当初はユーザーがとまどわないよう、最低限必要なデータ、例えば、「納入明細速報」「期間販売データ」「担当者別計画推移」など、基本パターンとなるビューをいくつか定義しておき、そこに各自が思い思いの条件を付加しながら分析を進めていける仕組みづくりに注力。
その後、各MRからの要望で「処方元別データ」「新規ターゲット先データ」「累計達成率ランク」「新規採用先フラグ」「前年販売減少先」などのビューを追加し、他社販売データも取り込みながら、現在では、全国に約120名いるMRのほぼ全員がiPadでDr.Sumを利用するようになったとした。
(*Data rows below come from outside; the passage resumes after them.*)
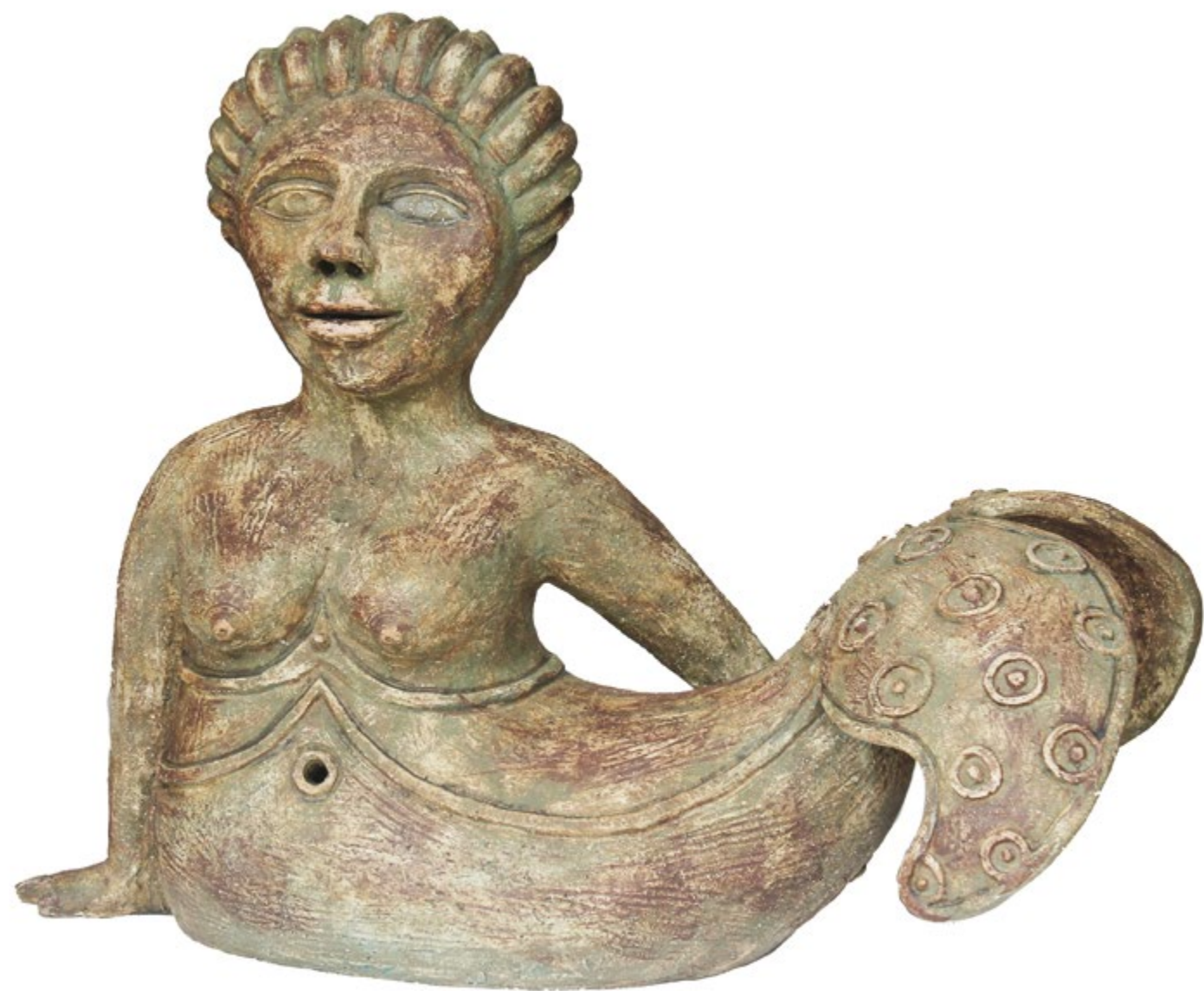
Sirenita Conchita Alt. 46 cm, anch. 57 cm, prof. 28 cm Barro de alta temperatura
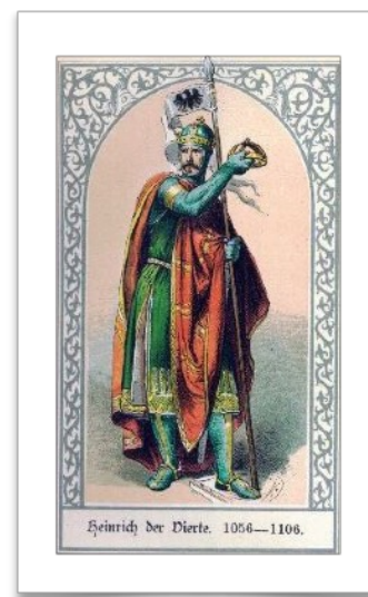
Імператор Священної Римської імперії Генріх IV
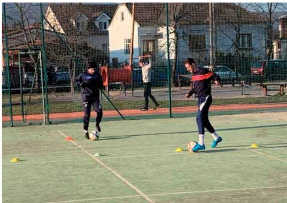
Tréning mužov FK Vajnory

Podrobné vyžrebovanie, presné dátumy a časy stretnutí i všetky ďalšie informácie nájdete na našej stránke www.fkvajnory.sk . Príďte povzbudiť naše tímy. Tešíme sa na vašu návštevu.
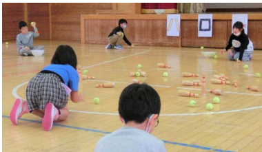
4年生 (ピン倒しボール)
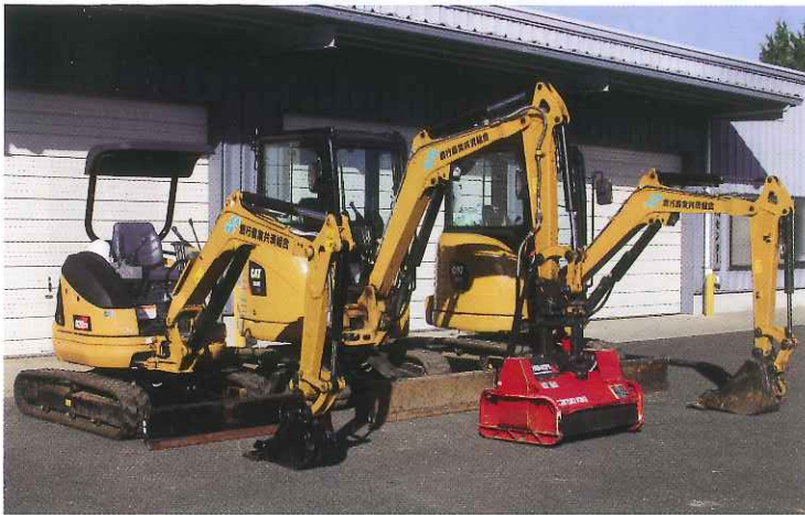
ミニパワーショベル (2t・3t) を貸出します (3台所有)

農家支援事業の一環として、組合員の経営安定に寄与するために、「ミニパワーショベル (2t・3t)」の貸出を実施しております。

これにより、リアルタイムに近い鮮度の高いデータを取得できるようになったことに加え、情報システム室に依頼してホストから実績データを抽出してもらい、それを営業本部の担当者が集計・加工し、レポートとして各支店に配信する、といった面倒な作業も省略できたという。さらにDr.Sumでは、MRから要望を受けて新しいビューを定義する場合でも、作業が数分で完了するため、情報システム室の負担を軽減できるとしている。
なお三笠製薬では今後、現在は併用しているホストシステムをできる限り早期にクローズし、販売データの管理や分析を「Dr.Sum」に一本化する方針。あわせて、各MRが各支店・全社の中で自分の実績を比較・確認したり、好成績を上げているMRの行動を学んだりできる仕組みを充実させるなど、より多くの“気づき”を得られるシステムに発展させていく計画だ。